## What you will do
I'd like the data below restated word for word, with the pictures left out.
====
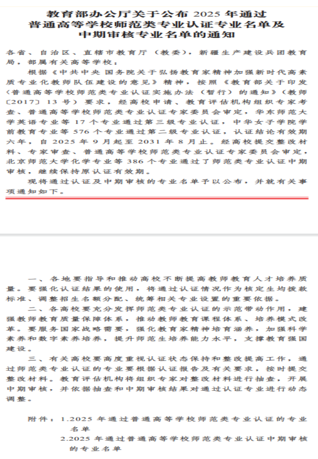 近日,教育部办公厅发文公布2025年通过普通高等学校师范类专业认证专业名单,我院的学前教育、特殊教育2个专业顺利通过师范类专业第二级认证。
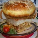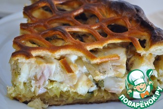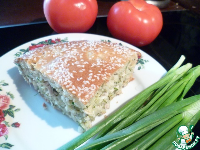 [+4]Тесто по вашему рецепту (без отрубей). Начинка- консервированный тунец, рис, лук, яйцо. Дочке, любителю заливных пирогов очень понравился.
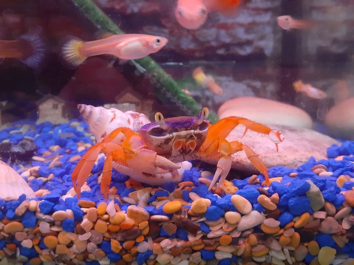 Федя здорова, за период с последнего поста полиняла всего раза 3 (ну а что вы хотели, взрослая уже), умудрилась один раз сбежать из аквариума пока нас с женой не было дома (погоняла котов и заставила отложить кирпичей: звуки бегающего по дому в темноте краба заставляют насторожиться).
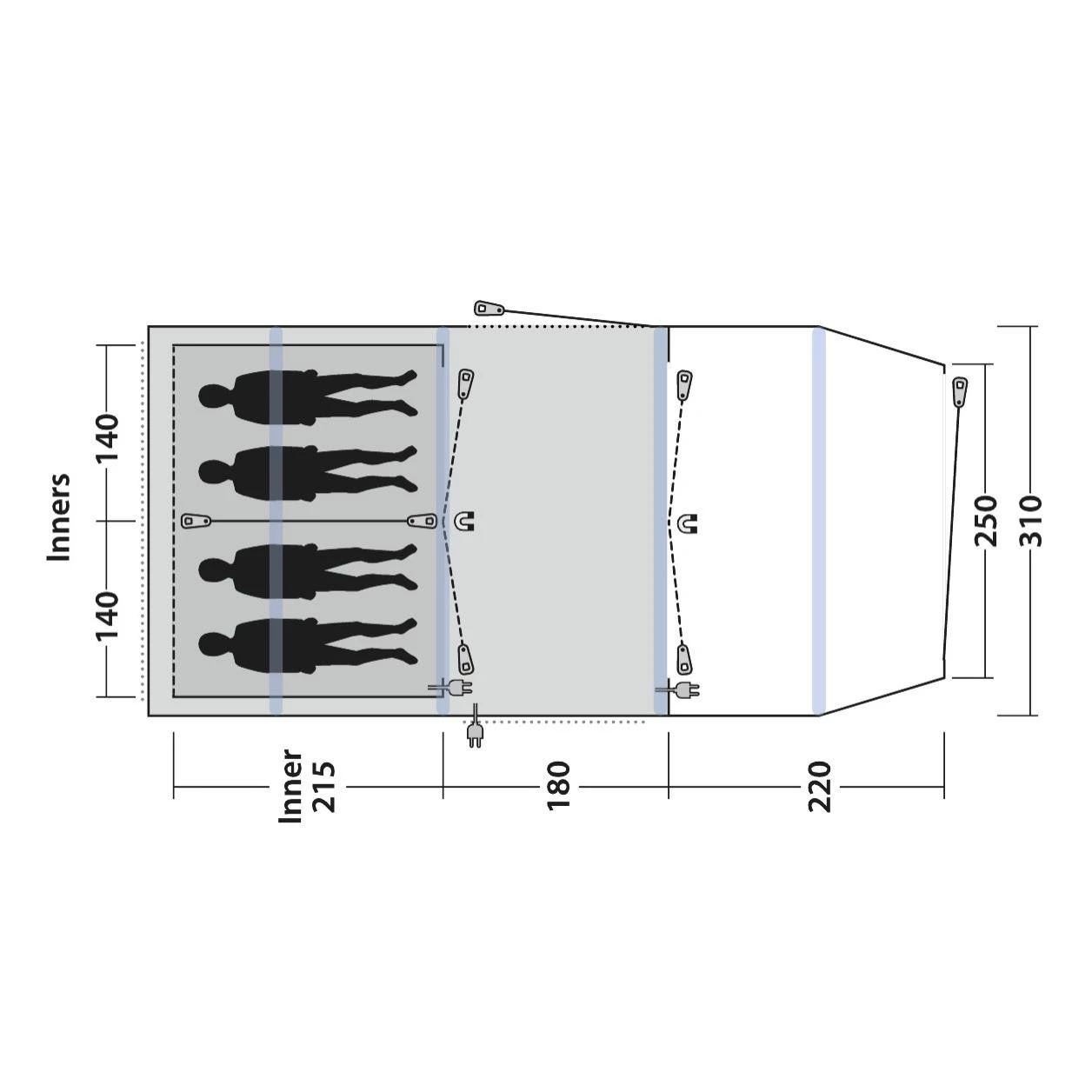 - Abgedunkelte Schlafkabinen im inneren des Zeltes
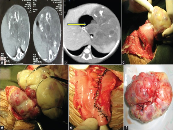 | Figure 1:(a) Computed tomography scan picture of mature gastric teratoma with areas of chunky calcifications. (b) Computed tomography scan picture of immature gastric teratoma showing heterogeneous tumor with specks of calcification; yellow-colored arrow pointing at intragastric component. (c) Ruptured immature gastric teratoma with slough over the surface, arising from anterior wall of stomach. (d) Intraoperative picture showing intragastric component. (e) Suture line after complete excision, extending from gastroesophageal junction to antrum. (f) Excised gastric teratoma
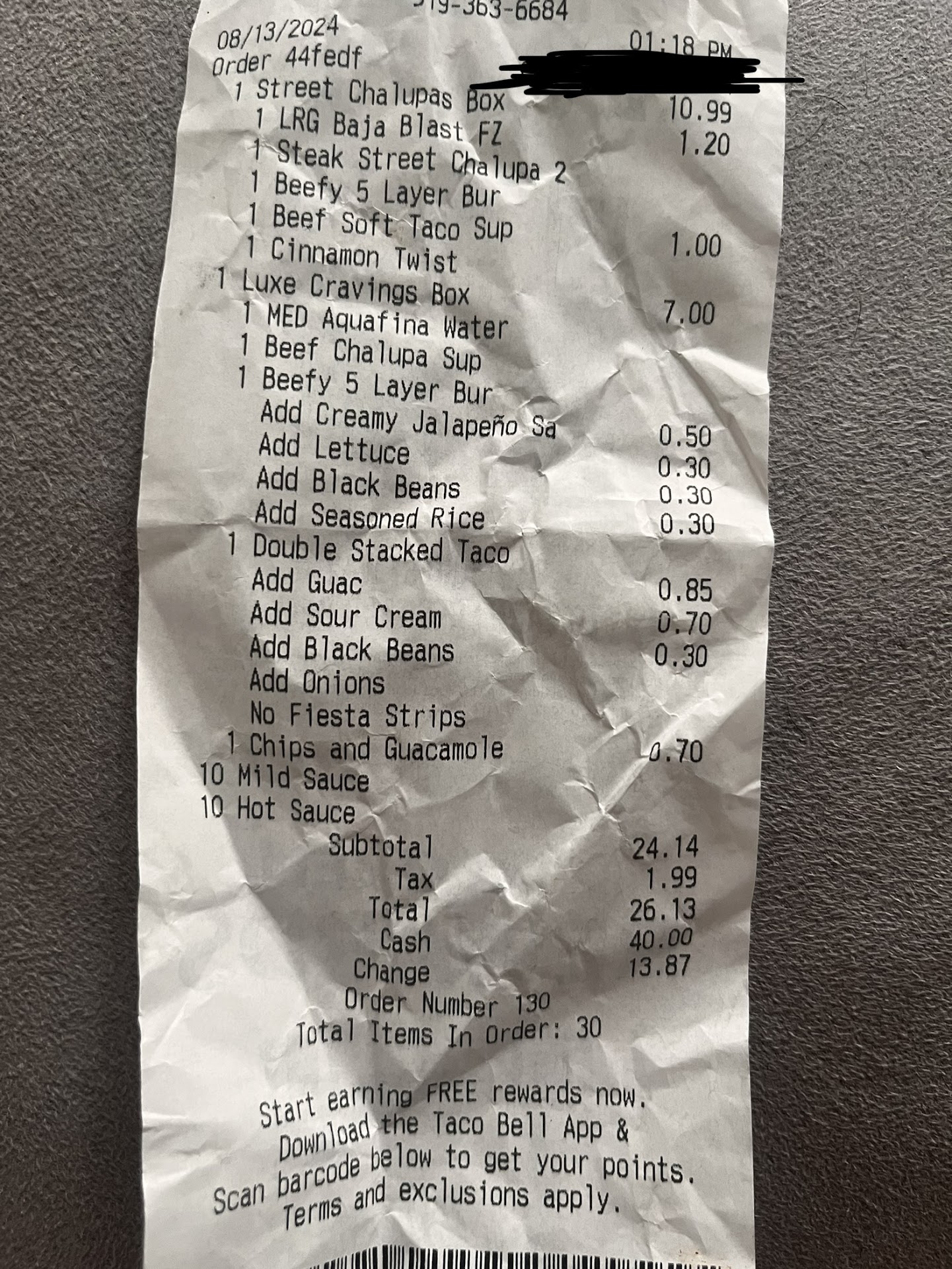 Read moreI don’t usually ever bother to leave reviews but this time was an exception due to how bad the service was. We started off at the drive through and half way through our order being taken, was told something was wrong with the system and we would have to order inside. Inside, we placed our order on a self order kiosk (we could order through their ticketing system but theirs was down?). I then waited 20 MINUTES for our order without my name being called. I eventually got impatient and asked them if my order was ready and they asked around and pulled a bag from the side counter saying if this was it. I had to reconfirm our order and name and asked why they hadn’t called my name. They said they had but I doubt this as neither of us had heard it while waiting. I understand that working at fast food places can be strenuous and chaotic but I think we were more than patient. At this point we get our drinks and food and go back to our home, and come to find I’m missing an entire burrito from my order, the guacamole for my chips, and two whole tacos from her meal! For reference we’d gotten the Street Chalupas and Luxe Cravings boxes. They’d also forgotten to put in pretty much all the add-ons to the food we did get. There was many other small things like delays or quips that I’m not gonna bother to detail out. Just overall, this was an extremely time consuming and frustrating ordeal when this should be a fast food place, not a sit down restaurant. The food we DID get was decent, and I do want to add we’ve ordered from here before with minimal issues in the past so hopefully this was just a...
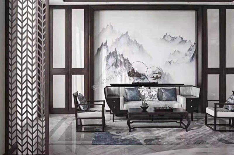 山水一品 80平米三居中式客厅沙发背景墙装修设计效果图
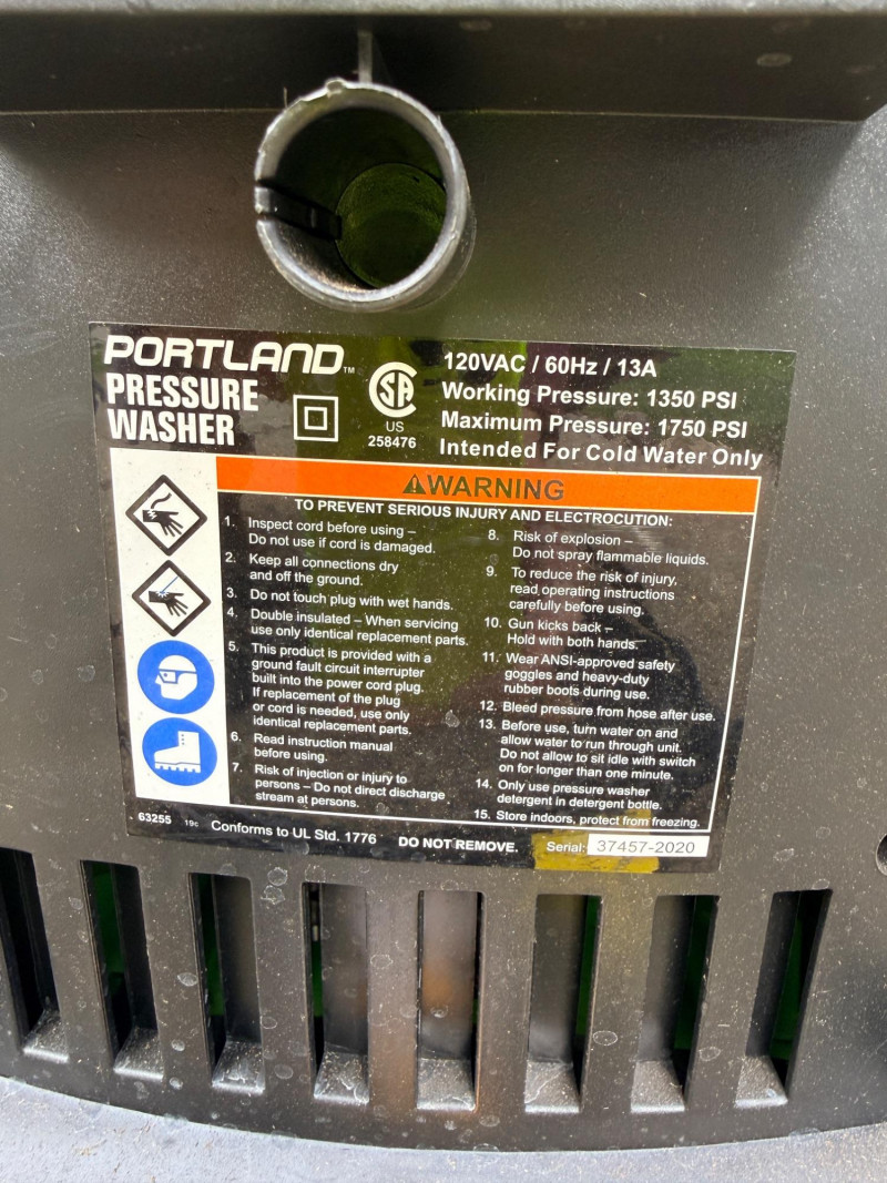 Lot # 116 - Portland 1750psi Electric Pressure Washer
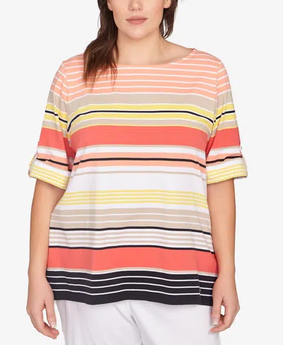Ruby Rd. Plus Size Multi Stripe Roll Tab Top In Red
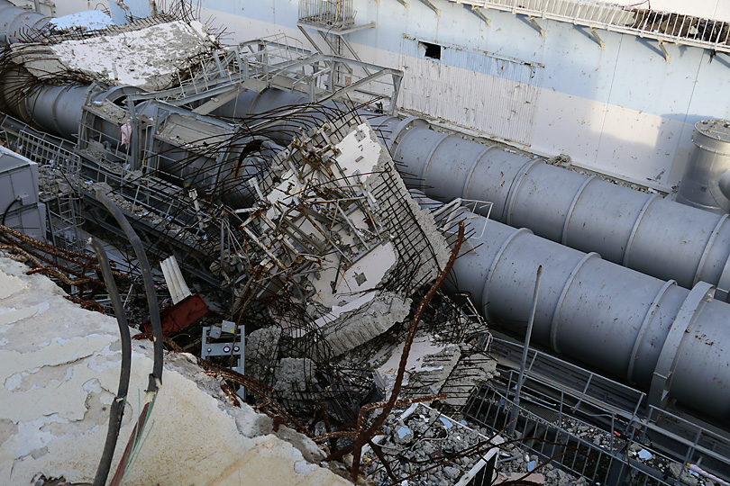 Rubble from the hydrogen explosion lies inside the damaged Unit 4 building. The wall to the right is the side of the spent fuel pool.
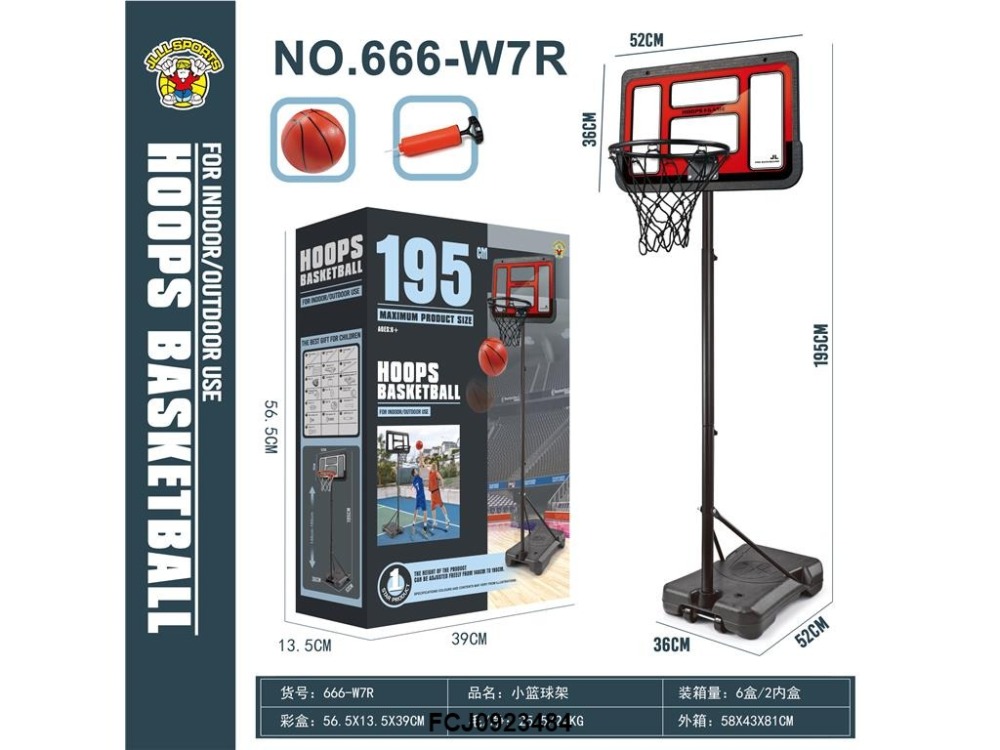 Баскетбольне кільце 666-W7R на стійці (мет.),щит(плас.),кільце(мет.),сітка,насос,кор.,56,5-38,5-15см
====
## Solution to this exercise
 近日,教育部办公厅发文公布2025年通过普通高等学校师范类专业认证专业名单,我院的学前教育、特殊教育2个专业顺利通过师范类专业第二级认证。
 [+4]Тесто по вашему рецепту (без отрубей). Начинка- консервированный тунец, рис, лук, яйцо. Дочке, любителю заливных пирогов очень понравился.
 Федя здорова, за период с последнего поста полиняла всего раза 3 (ну а что вы хотели, взрослая уже), умудрилась один раз сбежать из аквариума пока нас с женой не было дома (погоняла котов и заставила отложить кирпичей: звуки бегающего по дому в темноте краба заставляют насторожиться).
 - Abgedunkelte Schlafkabinen im inneren des Zeltes
 | Figure 1:(a) Computed tomography scan picture of mature gastric teratoma with areas of chunky calcifications. (b) Computed tomography scan picture of immature gastric teratoma showing heterogeneous tumor with specks of calcification; yellow-colored arrow pointing at intragastric component. (c) Ruptured immature gastric teratoma with slough over the surface, arising from anterior wall of stomach. (d) Intraoperative picture showing intragastric component. (e) Suture line after complete excision, extending from gastroesophageal junction to antrum. (f) Excised gastric teratoma
 Read moreI don’t usually ever bother to leave reviews but this time was an exception due to how bad the service was. We started off at the drive through and half way through our order being taken, was told something was wrong with the system and we would have to order inside. Inside, we placed our order on a self order kiosk (we could order through their ticketing system but theirs was down?). I then waited 20 MINUTES for our order without my name being called. I eventually got impatient and asked them if my order was ready and they asked around and pulled a bag from the side counter saying if this was it. I had to reconfirm our order and name and asked why they hadn’t called my name. They said they had but I doubt this as neither of us had heard it while waiting. I understand that working at fast food places can be strenuous and chaotic but I think we were more than patient. At this point we get our drinks and food and go back to our home, and come to find I’m missing an entire burrito from my order, the guacamole for my chips, and two whole tacos from her meal! For reference we’d gotten the Street Chalupas and Luxe Cravings boxes. They’d also forgotten to put in pretty much all the add-ons to the food we did get. There was many other small things like delays or quips that I’m not gonna bother to detail out. Just overall, this was an extremely time consuming and frustrating ordeal when this should be a fast food place, not a sit down restaurant. The food we DID get was decent, and I do want to add we’ve ordered from here before with minimal issues in the past so hopefully this was just a...
 山水一品 80平米三居中式客厅沙发背景墙装修设计效果图
 Lot # 116 - Portland 1750psi Electric Pressure Washer
Ruby Rd. Plus Size Multi Stripe Roll Tab Top In Red
 Rubble from the hydrogen explosion lies inside the damaged Unit 4 building. The wall to the right is the side of the spent fuel pool.
 Баскетбольне кільце 666-W7R на стійці (мет.),щит(плас.),кільце(мет.),сітка,насос,кор.,56,5-38,5-15см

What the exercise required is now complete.